Definition df-prstc 49375

Description: Definition of the function converting a preordered set to a category. Justified by prsthinc 49298.

This definition is somewhat arbitrary. Example 3.3(4.d) of [Adamek] p. 24 demonstrates an alternate definition with pairwise disjoint hom-sets. The behavior of the function is defined entirely, up to isomorphism (thincciso 49287), by prstcnid 49378, prstchom 49387, and prstcthin 49386. Other important properties include prstcbas 49379, prstcleval 49380, prstcle 49381, prstcocval 49382, prstcoc 49383, prstchom2 49388, and prstcprs 49385. Use those instead.
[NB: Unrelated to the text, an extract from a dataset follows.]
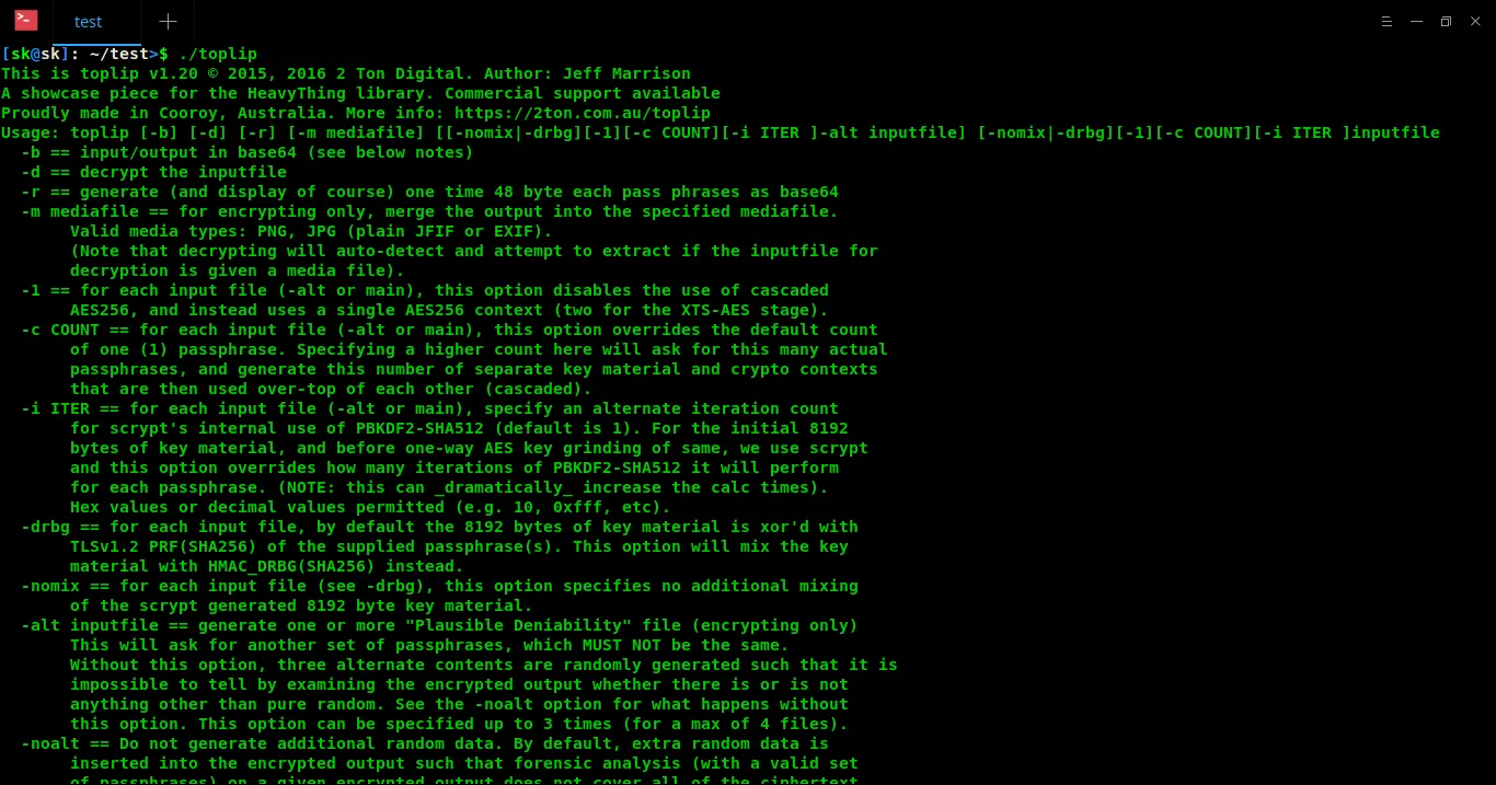 This is toplip v1.20 (C) 2015, 2016 2 Ton Digital. Author: Jeff Marrison A showcase piece for the HeavyThing library. Commercial support available Proudly made in Cooroy, Australia. More info: https://2ton.com.au/toplip file1 Passphrase #1: generating keys...Done

Note that the defining property prstchom 49387 is equivalent to prstchom2 49388 given prstcthin 49386. See thincn0eu 49265 for justification.

"ProsetToCat" was taken instead of "ProsetCat" because the latter might mean the category of preordered sets (classes). However, "ProsetToCat" seems too long. (Contributed by Zhi Wang, 20-Sep-2024.) (New usage is discouraged.)

Assertion

Ref	Expression
df-prstc	⊢ ProsetToCat = (𝑘 ∈ Proset ↦ ((𝑘 sSet ⟨(Hom ‘ndx), ((le‘𝑘) × {1o})⟩) sSet ⟨(comp‘ndx), ∅⟩))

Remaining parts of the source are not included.